People are infected with malaria from parasites inside mosquitoes
Parasites ensure the spread of malaria by being able to produce more sons than daughters when conditions are difficult, a new study has found.
Edinburgh university scientists said their discovery could give clues in the fight to stop the disease spreading.
Determining when the parasites are likely to favour producing one sex over the other could assist the development of anti-malarial drugs and vaccines.
Parasites have to produce offspring inside a mosquito to transmit malaria.
Parasites, which are sucked up into a mosquito from infected blood while it is having a meal, have 20 minutes to reproduce.
The female single-celled organism turns into an egg and the male splits up into eight sperm.
However, when conditions are unfavourable inside the mosquito's gut, parasites adjust their production of males and females to maximise their reproduction.
The parasite offspring then move to the mouth of the mosquito and when it next takes a meal they are injected into the next human via its saliva.
The Edinburgh scientists said it showed how malaria parasites were more sophisticated than previously thought.

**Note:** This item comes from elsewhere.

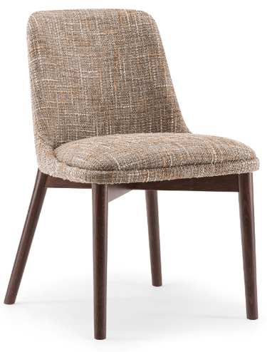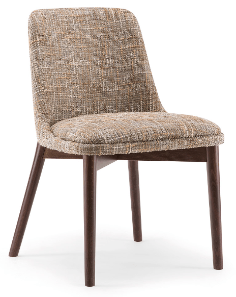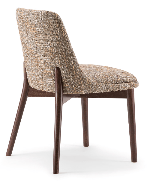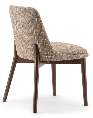 The wooden leg detail, which continues to wrap around the backrest, is characteristic of this side chair. The rounded solid beech legs create the characteristic look of the collection, evoking 1970s setting with a modern, minimalist appeal. The seat and backrest can be upholstered in a wide range of fabrics and leathers to further enhance the wooden structure.

They can respond to changes in their social situation and environment, something that is traditionally associated with more complex animals such as insects, birds and mammals.
Usually, malaria parasites will tend to produce more daughters than sons, because all the females are expected to find a mate.

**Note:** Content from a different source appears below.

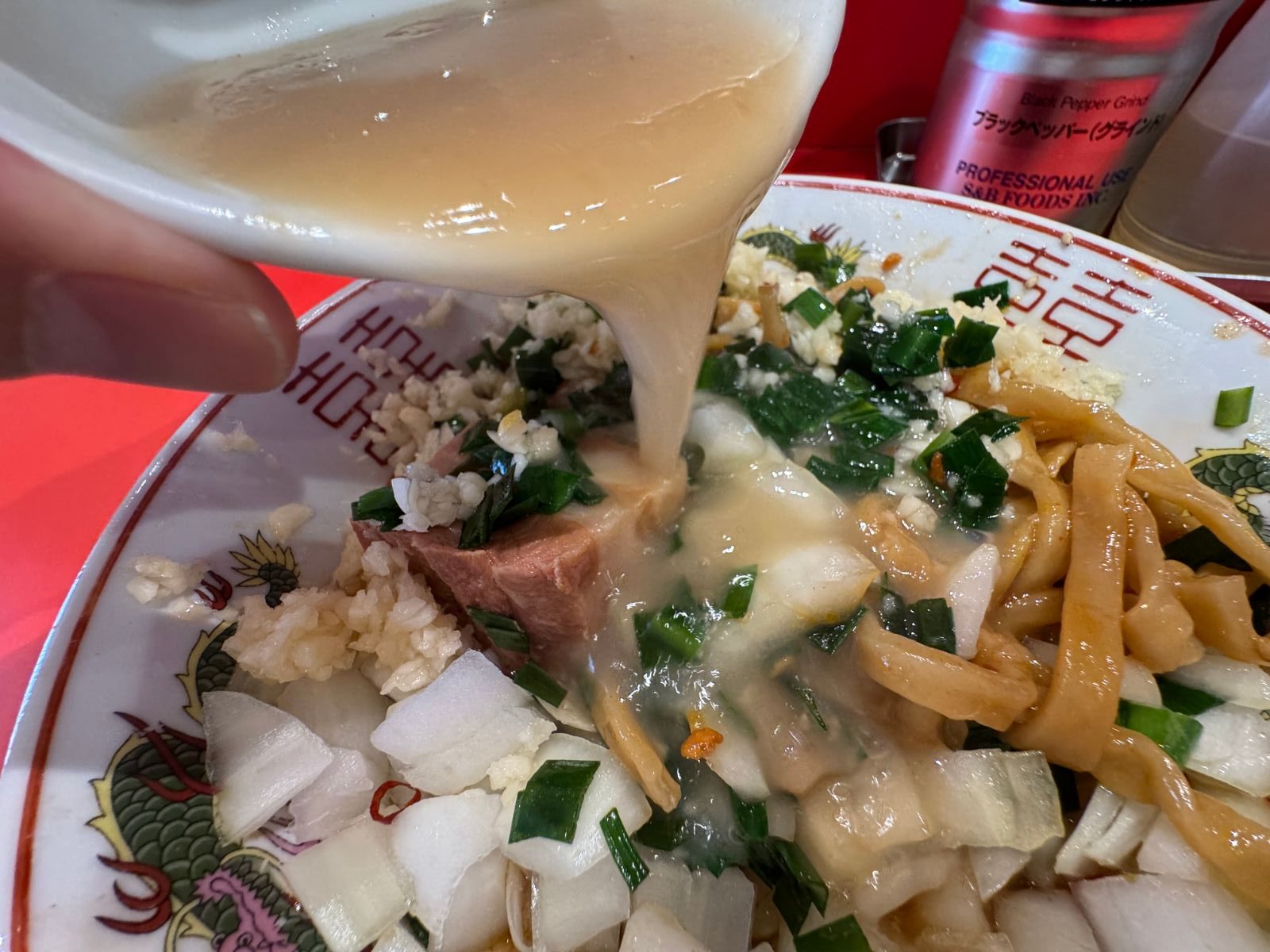 「ニラまぜそば」はスープ割りが可能だよ。スープを丼に注いでもらう感じ。自分が好きなタイミングで注いでもらえるので、半分くらい麺や具が残っている状態でスープを注いでもらえば、ラーメンのように食べられるよ。

However, in harsher conditions, for example when under attack from a person's immune system, or when competition to breed is high among the parasites, it is beneficial to have more sons, to increase the overall chance of their genes being passed on.
The study, published in the journal Nature, was funded by the Natural Environment Research Council, Biotechnology and Biological Sciences Research Council and the Wellcome Trust.
Dr Sarah Reece, of the University of Edinburgh's School of Biological Sciences, who led the study, said: "We have long suspected that malaria parasites adjust their production of males and females to ensure their spread, and we have now shown that this is the case.
"We hope that by understanding the family planning strategy of these parasites, ways can be found to stop the spread of malaria."